→ **THE DATA**:

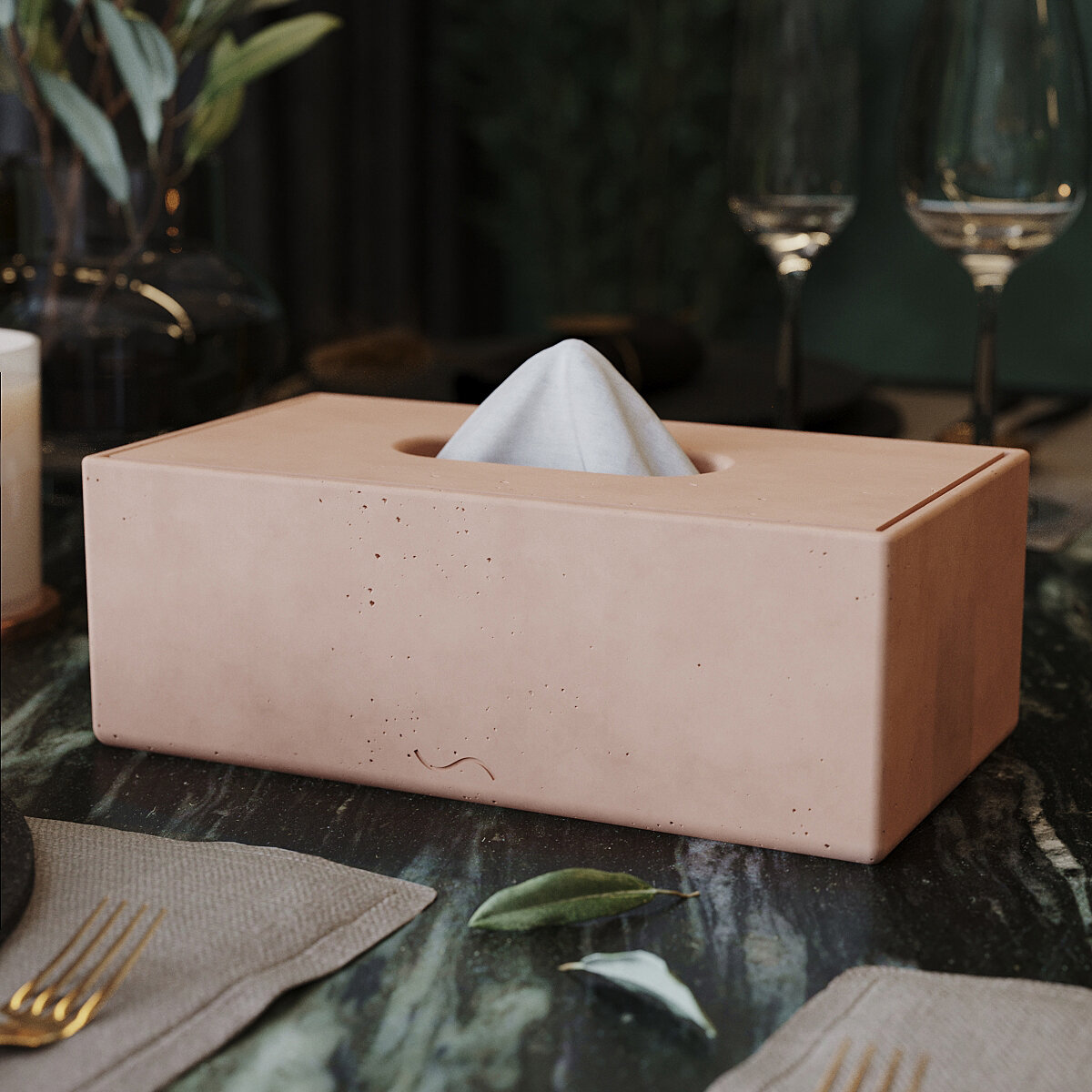 Купить Салфетница интерьерная Helen с крышкой, 24x8.5x13 см, бетон, розовая матовая
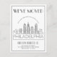 A unique modern deco-style moving announcement postcard for the beautiful city of Philadelphia, Pennsylvania. This card features a stylised illustration of the city's unique skyline with its name underneath. This is followed by your address information in a matching open-lined style. All individual elements of the card are unlocked so feel free to change or add any details necessary by using the customisation function.
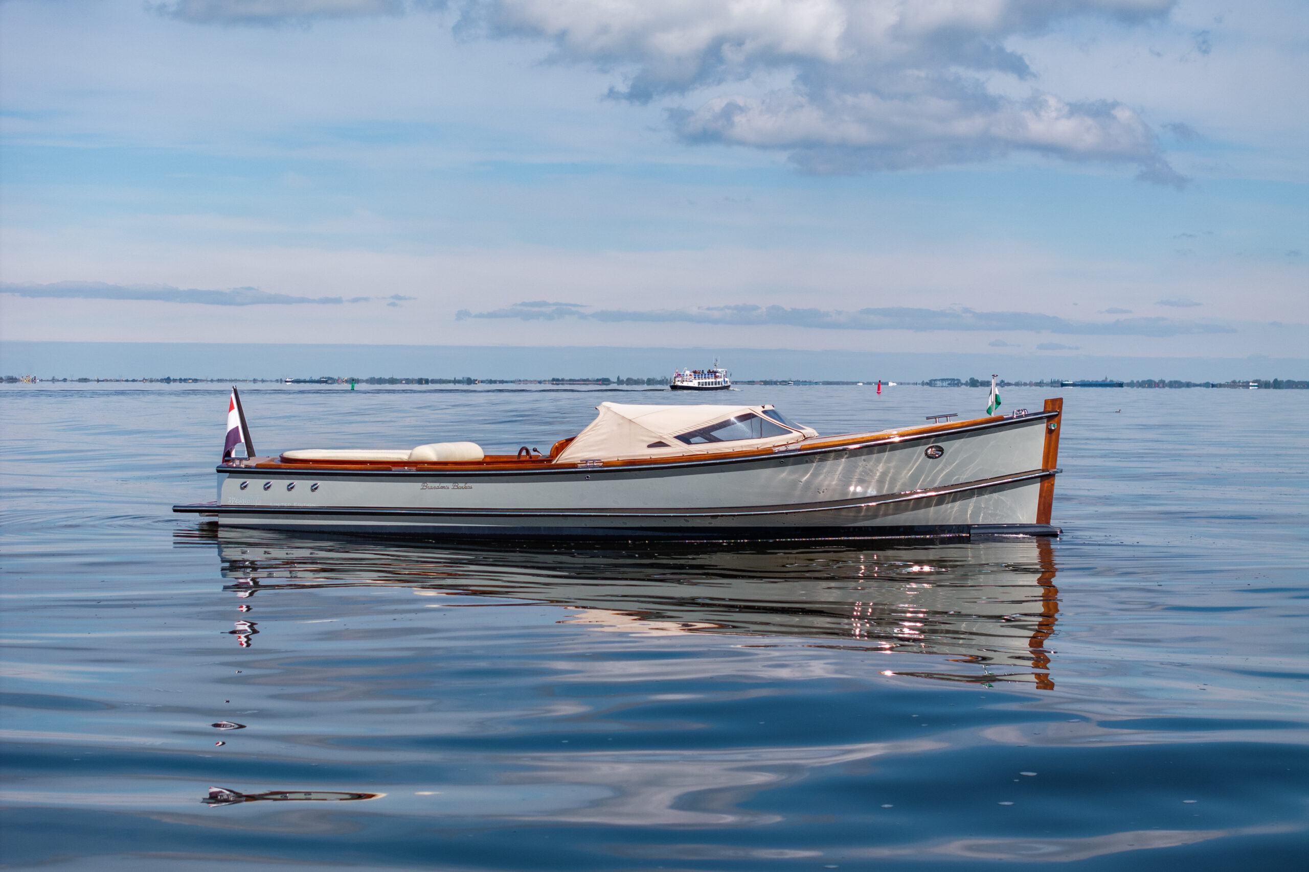 Welcome aboard the exquisite Brandaris 8.45 Barkas Limited Edition, meticulously cared for and boasting exceptional condition. Crafted entirely in the Netherlands, this vessel epitomizes renowned Dutch craftsmanship and opulent aesthetics. Measuring 8.45 meters in length with a beam of 2.45 meters, it has logged a mere 1500 engine hours. Revel in its elegant wooden interior adorned with white cushions, emanating a timeless classic allure.
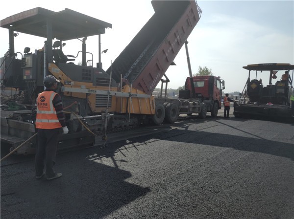 该项目由力聚集团阜阳聚兴市政工程有限公司承建,工程位于颍州区阜王路与柳林路两大城市主干路交叉口,工程设计要求为OGFC-13透水沥青,路面设计为单面坡1.5% 排水走向,园区下承层为砼面水泥板,道路下口设置水井,用于收集路面雨水和下渗雨水,工程摊铺总面积共计3800平方。
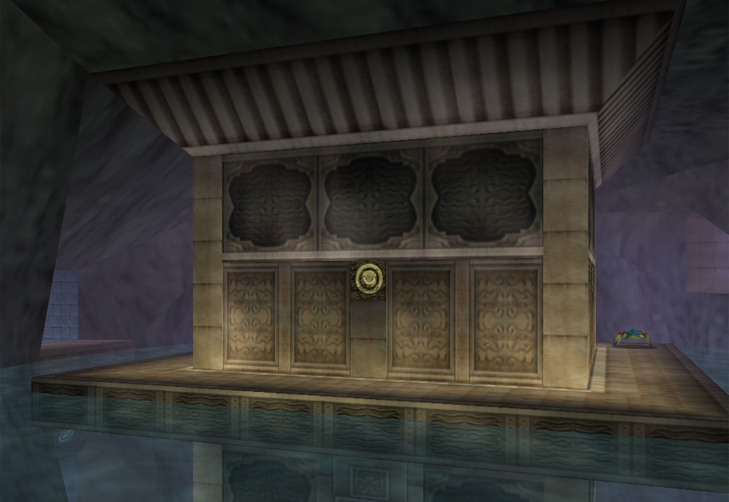 The ancient temple lies deep under the vast Lake Hylia. Guarded by the Zoras, it is considered a sacred temple that is used to worship the water spirits.[1] The Water Temple is accessible after the young hero finds the Iron Boots in Ice Cavern. Aided with the boots and the Hookshot, Link can access its entrance by shooting the target above the gate.
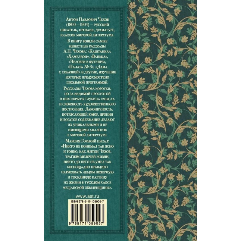 В книгу вошли самые известные рассказы А.П. Чехова: "Каштанка", "Хамелеон", "Ванька", "Человек в футляре", "Палата № 6", "Дама с собачкой" и другие, изучение которых предусмотрено школьной программой.
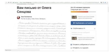 Письмо разослала активистка инициативы "РосУзник" Яна Гончарова электронной почтой всем, кто подписал петицию "Помогите спасти Олега Сенцова и других политзаключенных" к лидерам стран Европы, Америки и Азии. Он датирован 14-м августа.
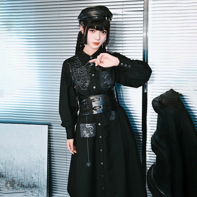 【古怪舍---五毒シリーズ】★チャイナ風ワンピース★ シャツワンピース プリント 個性的 ブラック 黒い
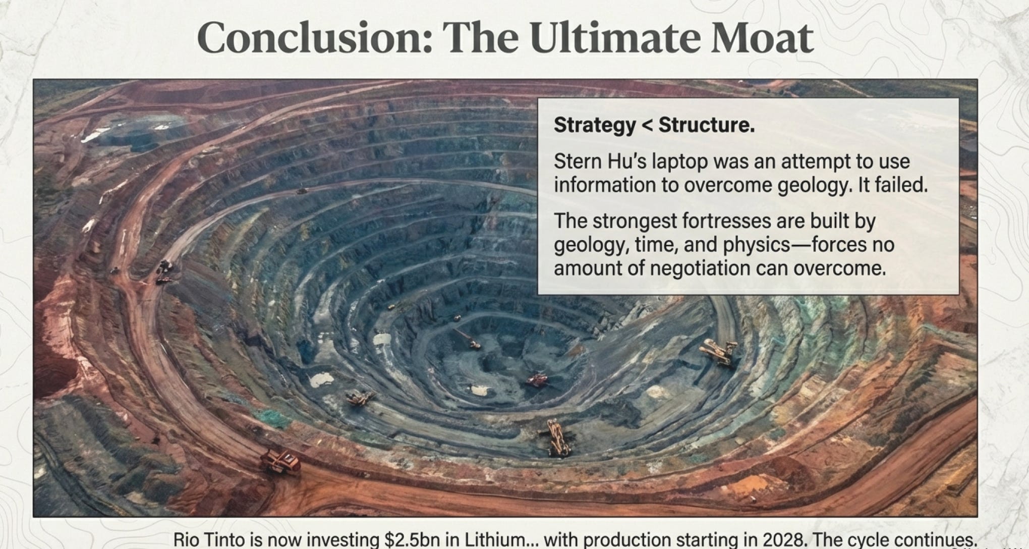 China wanted pricing power. But pricing power flows from market structure, not from desire. Three miners controlling 70% of supply will always have more power than 700 mills controlling 30% of demand, no matter how many times you arrest the negotiators.

→ **PROBLEM DESCRIPTION**:
Please, without any pictures, write out exactly the lines of the listing from its first line through the line that holds "В книгу вошли", ends included, and nothing beyond them.

→ **TASK RESULT**:
 Купить Салфетница интерьерная Helen с крышкой, 24x8.5x13 см, бетон, розовая матовая
 A unique modern deco-style moving announcement postcard for the beautiful city of Philadelphia, Pennsylvania. This card features a stylised illustration of the city's unique skyline with its name underneath. This is followed by your address information in a matching open-lined style. All individual elements of the card are unlocked so feel free to change or add any details necessary by using the customisation function.
 Welcome aboard the exquisite Brandaris 8.45 Barkas Limited Edition, meticulously cared for and boasting exceptional condition. Crafted entirely in the Netherlands, this vessel epitomizes renowned Dutch craftsmanship and opulent aesthetics. Measuring 8.45 meters in length with a beam of 2.45 meters, it has logged a mere 1500 engine hours. Revel in its elegant wooden interior adorned with white cushions, emanating a timeless classic allure.
 该项目由力聚集团阜阳聚兴市政工程有限公司承建,工程位于颍州区阜王路与柳林路两大城市主干路交叉口,工程设计要求为OGFC-13透水沥青,路面设计为单面坡1.5% 排水走向,园区下承层为砼面水泥板,道路下口设置水井,用于收集路面雨水和下渗雨水,工程摊铺总面积共计3800平方。
 The ancient temple lies deep under the vast Lake Hylia. Guarded by the Zoras, it is considered a sacred temple that is used to worship the water spirits.[1] The Water Temple is accessible after the young hero finds the Iron Boots in Ice Cavern. Aided with the boots and the Hookshot, Link can access its entrance by shooting the target above the gate.
 В книгу вошли самые известные рассказы А.П. Чехова: "Каштанка", "Хамелеон", "Ванька", "Человек в футляре", "Палата № 6", "Дама с собачкой" и другие, изучение которых предусмотрено школьной программой.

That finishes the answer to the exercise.